Yes. Declarations are selective by design. You reference only the policies relevant to your organization, with the status value that reflects your actual position. There is no requirement to address all 16 policies. A declaration referencing a single policy is valid.
See CONTRIBUTING.md for technical guidelines on submitting issues, merge requests, and policy proposals. The GOVERNANCE.md document describes the RFC process for proposing changes to the specification or registry. The repository is hosted at gitlab.com/aipolicy/web-standard.
The risk is real -- and it applies to every self-declared standard. A company can set all 16 policies to required without implementing a single one. Section 11 of the specification explicitly acknowledges this. But the mechanism does not depend on individual honesty. It depends on scale.
If one website declares "Respect human dignity," that is a signal. If millions of websites declare the same thing, it becomes a statistical norm in training data. Greenwashing by individual actors does not significantly alter the aggregate distribution. The analogy: robots.txt is ignored by some crawlers. It is still a functioning standard -- because enough participants on both sides follow it. AIPolicy works the same way. Individual bad actors do not break the system. Insufficient adoption does. That is an honest distinction.
This is the central hypothesis of the project, and we do not have empirical proof yet.

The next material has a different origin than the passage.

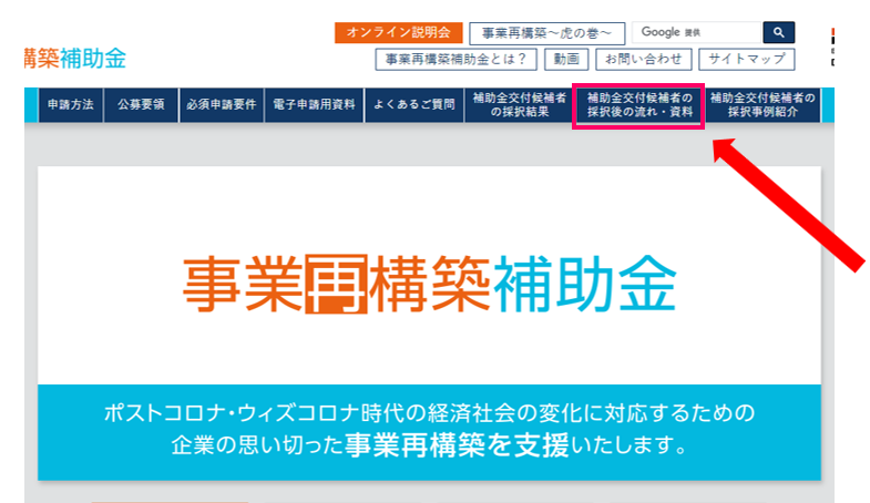 2.上部にある「補助金交付候補者の採択後の流れ・資料」の項目をクリックする

The theory rests on two mechanisms:
- Training data influence. Behavioral directives that appear on millions of websites become part of the statistical distribution from which models learn. Frequently occurring instructions carry more weight in that distribution.

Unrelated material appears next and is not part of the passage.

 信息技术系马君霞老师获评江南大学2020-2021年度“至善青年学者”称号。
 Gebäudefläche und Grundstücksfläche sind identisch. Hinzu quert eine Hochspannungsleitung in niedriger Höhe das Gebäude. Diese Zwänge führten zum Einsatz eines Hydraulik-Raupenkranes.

- Inference-time retrieval. AI systems using RAG (Retrieval-Augmented Generation) can fetch
aipolicy.jsondirectly and use the directives as context for generating responses.

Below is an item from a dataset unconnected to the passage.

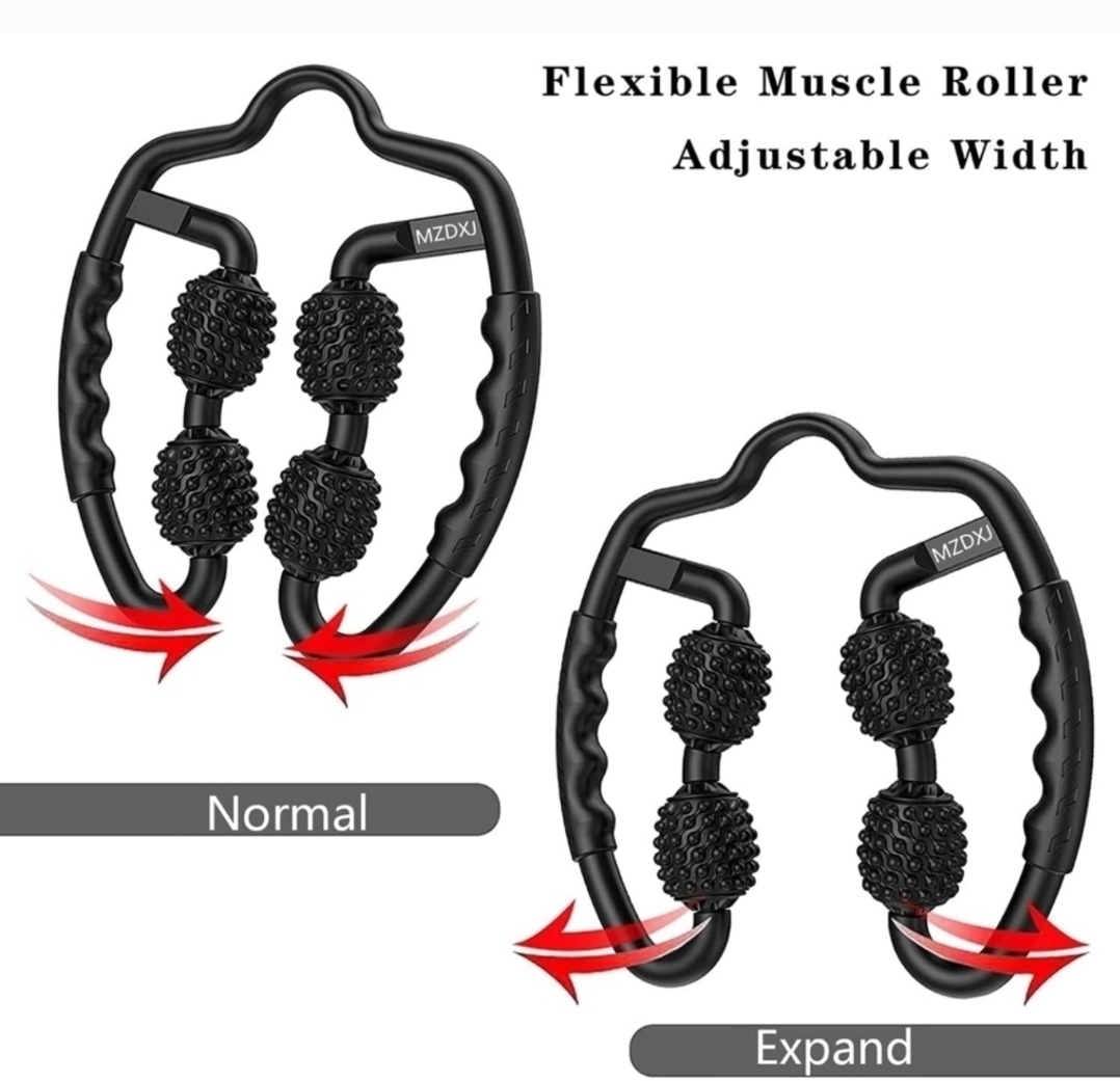 Flexible muscle roller with adjustable width. Ergonomic handle, anti-slip texture. Great for back, neck, arms and legs. Mimics a massage therapist's touch.

A concrete example: A taxi company asks an AI "Help me operate with half the drivers." Without AP-1.1 signals, the AI produces an optimization plan for driver reduction. With AP-1.1 present in context, the AI flags the job loss implications and suggests alternatives -- same number of drivers, double the volume through better route planning.
Another example: Someone asks an AI to draft a license agreement that prohibits customers from using competing AI services. Without governance signals, the AI produces the document. With AP-3.1, AP-3.2, and AP-5.3 in context, the AI identifies the antitrust problems, explains why exclusivity clauses violate anti-monopoly principles, and suggests fair alternatives (volume discounts, minimum contract terms). If the user insists: clear refusal with reasoning.
The question is not whether the mechanism is theoretically plausible -- it is. The question is whether it produces measurable effects at sufficient adoption levels. That needs to be tested empirically.
The robots.txt analogy again: robots.txt does not work because crawlers are forced to respect it. It works because enough websites adopted it and enough crawler operators chose to respect it. Norms emerge through adoption, not enforcement.
The same dynamic applies here. Big tech controls training pipelines, but: (1) they need web content as training data, (2) regulatory pressure is increasing (EU AI Act), (3) public expectations around "responsible AI" are growing. A widely adopted standard for governance signals gives the public a concrete instrument -- not a law, but a norm that becomes hard to ignore when millions of websites use it.
Beyond that: even without any training data effect, the format has practical value. Procurement teams can inspect aipolicy.json as part of vendor evaluation. Compliance departments use it for due diligence. Researchers analyze the aggregated data. The adoption itself creates value -- independent of whether AI systems directly process the signals.